§ **Exercise instructions**
Copy every entry exactly as it reads and exclude whatever pictures appear.

Source data
===

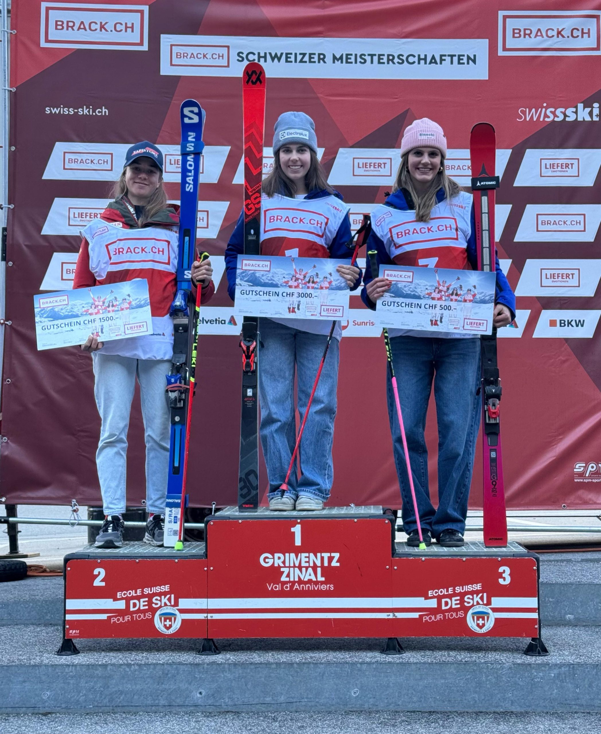 Am zweiten Tag gab es dann Grund zum Feiern! Lara Bianchi sicherte sich mit der Laufbestzeit im zweiten Durchgang den 2. Gesamtrang, dicht gefolgt von Minna Bont. Damit gewann Lara nicht nur den Swiss Cup, sondern auch die Goldmedaillen in der NJC U21 und U18. Minna Bont holte sich Silber sowie den 2. Rang im Swiss Cup. Auch Jeannine Bartl bestätigte ihre aufsteigende Form im Riesenslalom mit einem 5. Rang, während Sophia Flatscher mit einem 8ten Platz erneut ihre FIS-Punkte senkte.
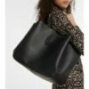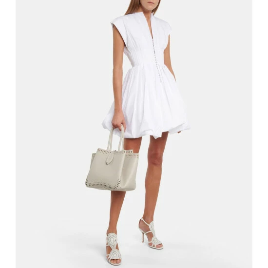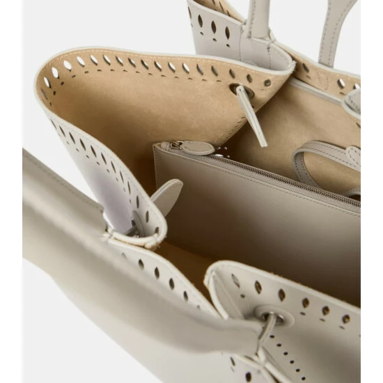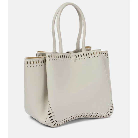 Petal-inspired laser-cutting and expertly designed soft folds make the small Angele 25 tote an Alaïa heirloom. Made from gently pebbled gray leather, the design secures with an ogive-shaped strap across the open top.
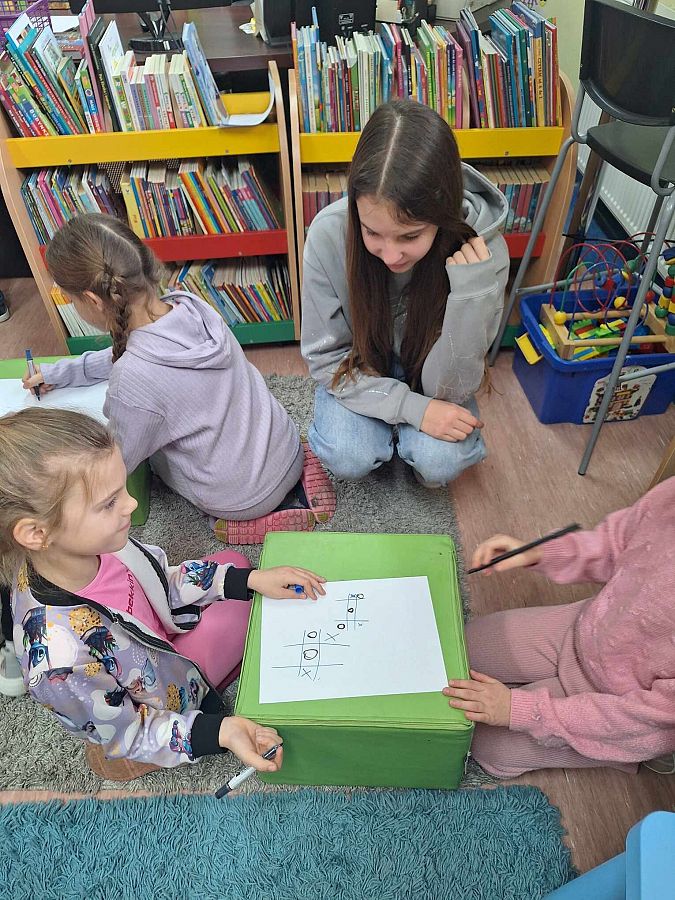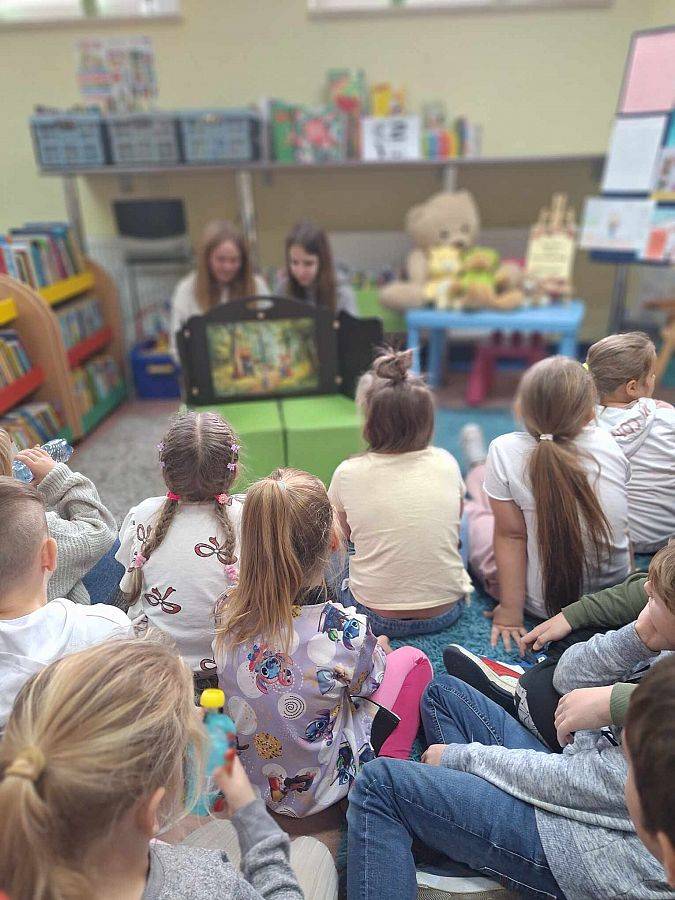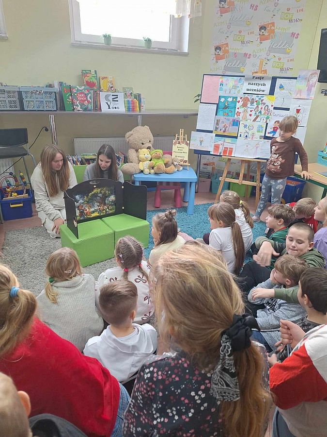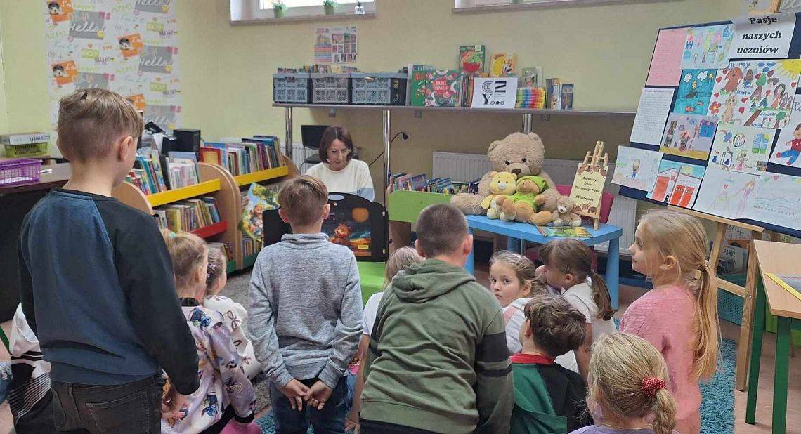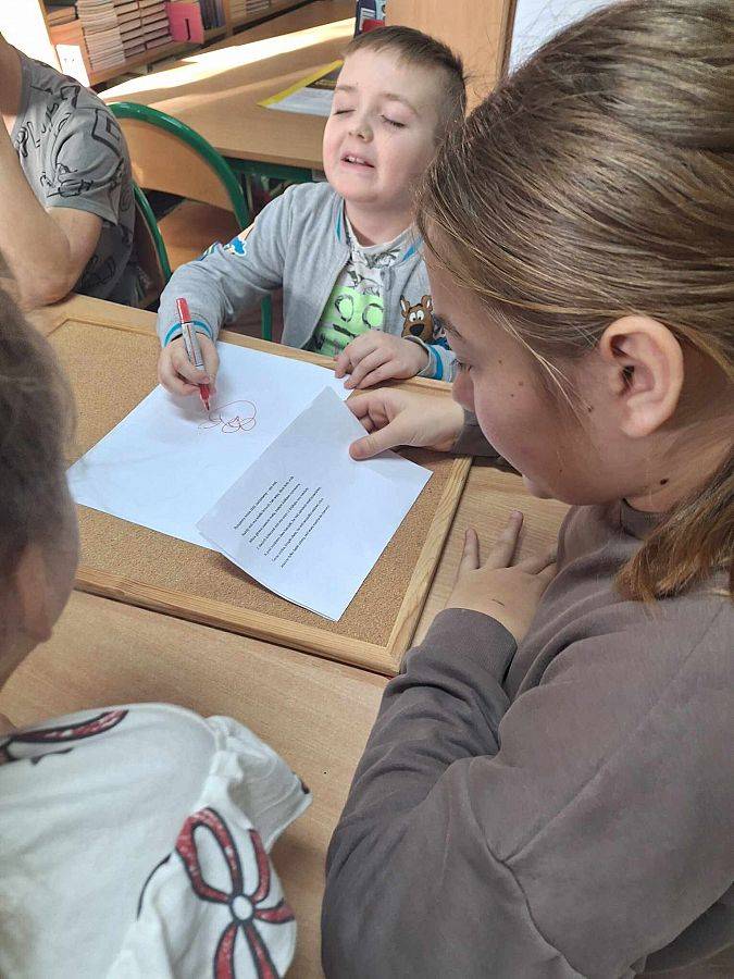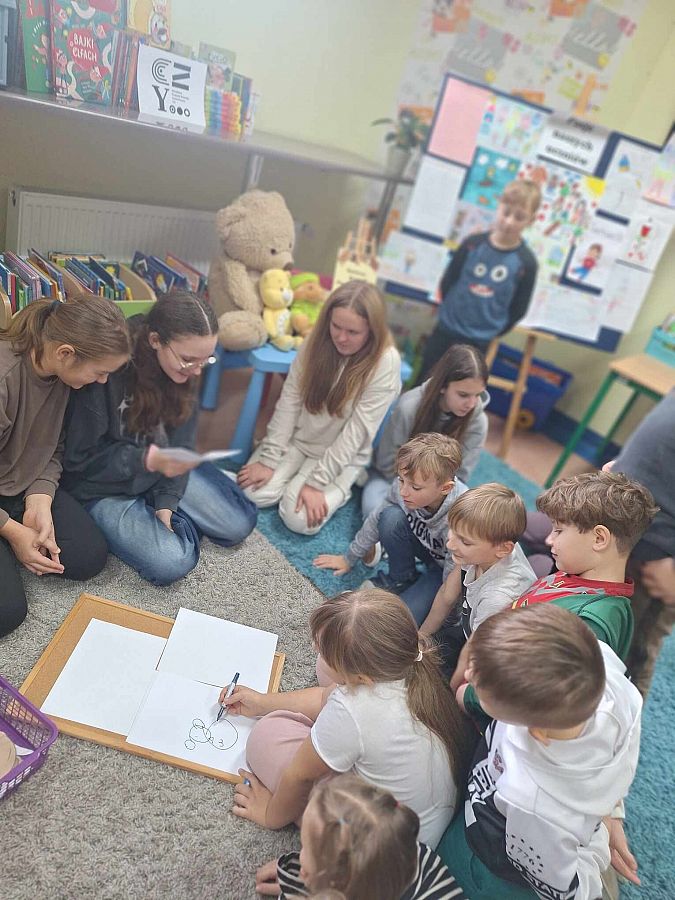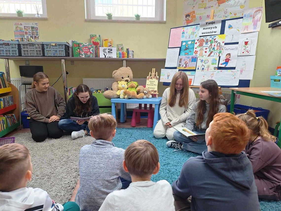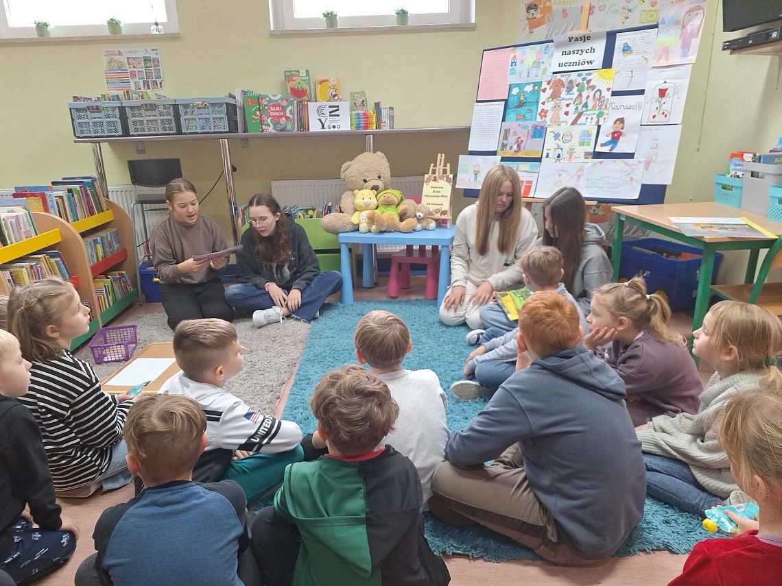 Na przerwach dziewczyny z kółka bibliotecznego – Edyta, Amelia, Marcelina i Agata – przeprowadziły dodatkowe zajęcia dla dzieci, rozwijając ich zainteresowanie książkami i wspierając kreatywność. Wszystko to odbyło się we współpracy z Biblioteką Publiczną, w ramach Narodowego Programu Rozwoju Czytelnictwa. To był dzień pełen uśmiechów i wspaniałych wrażeń!
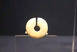 Majiabang people used jade when making ornaments. At Weisun Site, a few jade objects were found in the Majiabang Culture deposits, including hue-earrings, huang-pendants, small tube, and other ornaments.[16] For example, a penannular jade ring and semi-annular jade discs, all made from local materials.[17]
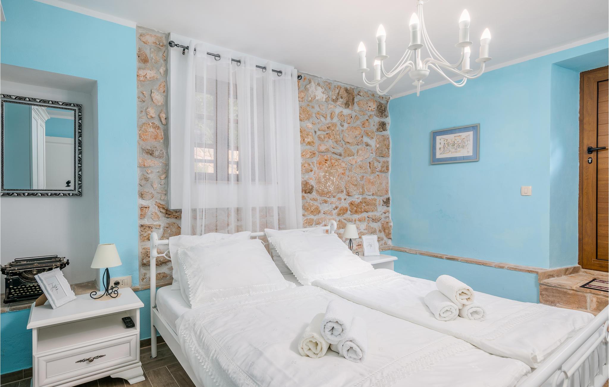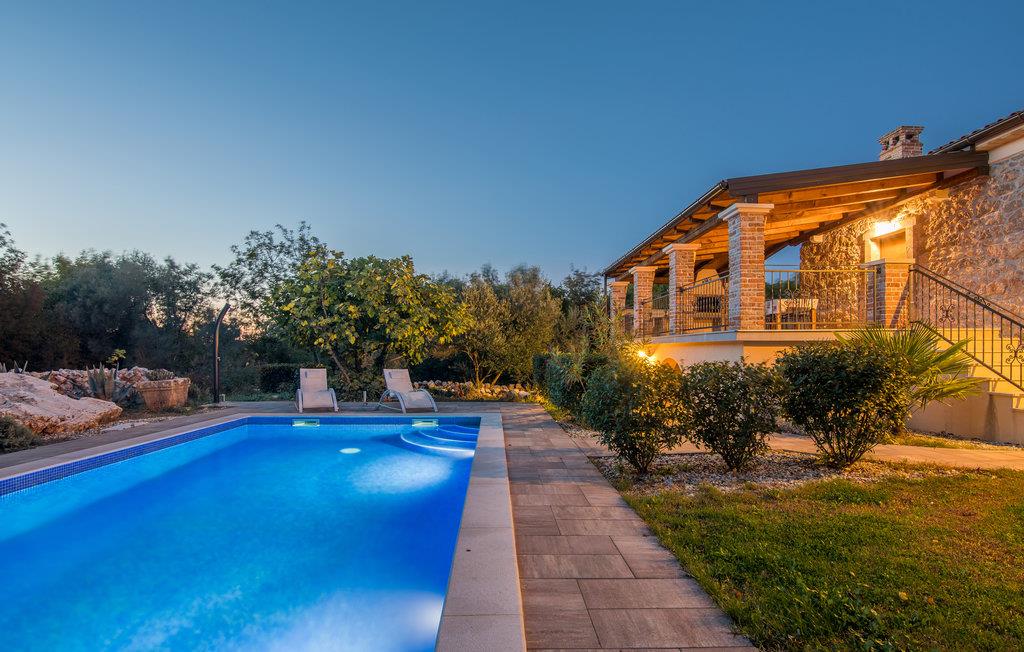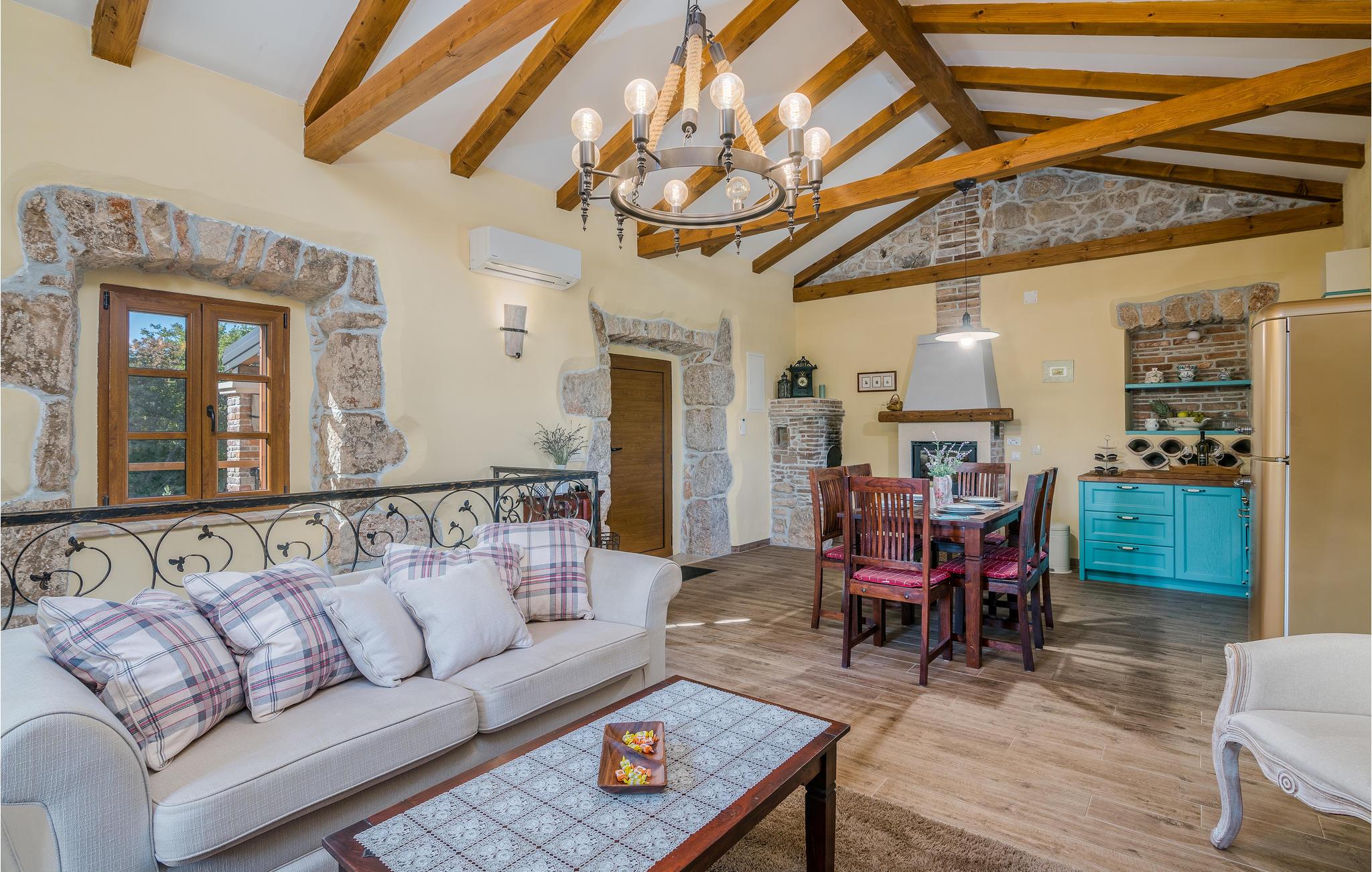 Dette skønne stenhus ligger i en lille landsby i det indre af Krk. Det er meget ekskvisit indrettet og byder på al den komfort, I kunne have brug for for at holde en afslappende ferie. I huset hersker der en behagelig og varm atmosfære. I stueetagen er der to soveværelser, det rummelige boligområde med udgang til den store og overdækkede terrasse indtager første salen. Terrassen inviterer til lækre aftensmåltider i dejlig selskab, mens I nyder udsigten over haven, poolen og jeres legende børn. I bil er I hurtigt i Šilo, Vrbnik, Malinska og byen Krk, hvor der om sommeren er mange kulturelle arrangementer såvel som et livligt natteliv. Opdag stranden med helbredende mudder i Klimno og bedårende gemte bugter på Krk.
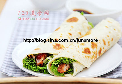 4、除了秘制酱汁烤鸡腿,其他你喜欢的烤肉、蔬菜都可以放在面饼里卷起来。如果放上炸鸡柳、甜面酱、黄瓜条、葱段卷起来,就是老北京鸡肉卷了哈。[sushi.laoyanhuo.com]
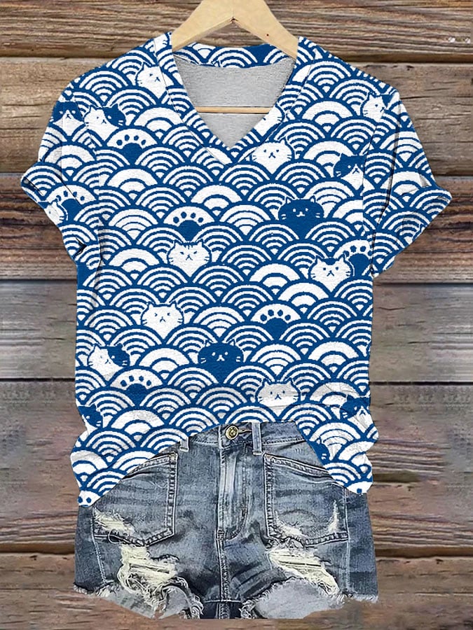 Women's Blue Waves&Cats Print V-Neck T-Shirt
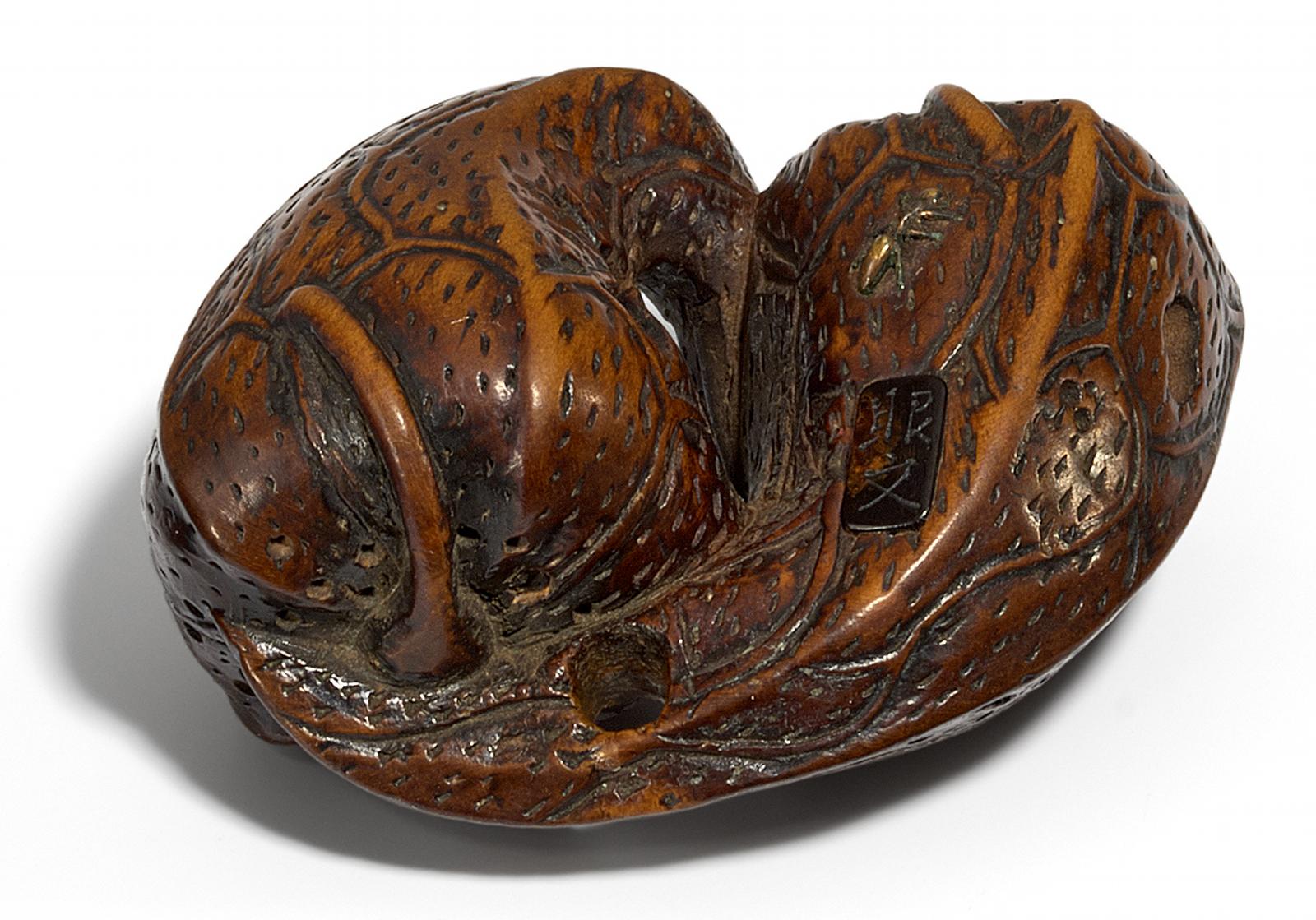 Signatur: Sukeyoshi, auf flach polierter Kartusche, versteckt in der Struktur der Nuss, vgl. MCI S. 830, Eguro Hida Familie.

===

§ **Task response**
 Am zweiten Tag gab es dann Grund zum Feiern! Lara Bianchi sicherte sich mit der Laufbestzeit im zweiten Durchgang den 2. Gesamtrang, dicht gefolgt von Minna Bont. Damit gewann Lara nicht nur den Swiss Cup, sondern auch die Goldmedaillen in der NJC U21 und U18. Minna Bont holte sich Silber sowie den 2. Rang im Swiss Cup. Auch Jeannine Bartl bestätigte ihre aufsteigende Form im Riesenslalom mit einem 5. Rang, während Sophia Flatscher mit einem 8ten Platz erneut ihre FIS-Punkte senkte.
 Petal-inspired laser-cutting and expertly designed soft folds make the small Angele 25 tote an Alaïa heirloom. Made from gently pebbled gray leather, the design secures with an ogive-shaped strap across the open top.
 Na przerwach dziewczyny z kółka bibliotecznego – Edyta, Amelia, Marcelina i Agata – przeprowadziły dodatkowe zajęcia dla dzieci, rozwijając ich zainteresowanie książkami i wspierając kreatywność. Wszystko to odbyło się we współpracy z Biblioteką Publiczną, w ramach Narodowego Programu Rozwoju Czytelnictwa. To był dzień pełen uśmiechów i wspaniałych wrażeń!
 Majiabang people used jade when making ornaments. At Weisun Site, a few jade objects were found in the Majiabang Culture deposits, including hue-earrings, huang-pendants, small tube, and other ornaments.[16] For example, a penannular jade ring and semi-annular jade discs, all made from local materials.[17]
 Dette skønne stenhus ligger i en lille landsby i det indre af Krk. Det er meget ekskvisit indrettet og byder på al den komfort, I kunne have brug for for at holde en afslappende ferie. I huset hersker der en behagelig og varm atmosfære. I stueetagen er der to soveværelser, det rummelige boligområde med udgang til den store og overdækkede terrasse indtager første salen. Terrassen inviterer til lækre aftensmåltider i dejlig selskab, mens I nyder udsigten over haven, poolen og jeres legende børn. I bil er I hurtigt i Šilo, Vrbnik, Malinska og byen Krk, hvor der om sommeren er mange kulturelle arrangementer såvel som et livligt natteliv. Opdag stranden med helbredende mudder i Klimno og bedårende gemte bugter på Krk.
 4、除了秘制酱汁烤鸡腿,其他你喜欢的烤肉、蔬菜都可以放在面饼里卷起来。如果放上炸鸡柳、甜面酱、黄瓜条、葱段卷起来,就是老北京鸡肉卷了哈。[sushi.laoyanhuo.com]
 Women's Blue Waves&Cats Print V-Neck T-Shirt
 Signatur: Sukeyoshi, auf flach polierter Kartusche, versteckt in der Struktur der Nuss, vgl. MCI S. 830, Eguro Hida Familie.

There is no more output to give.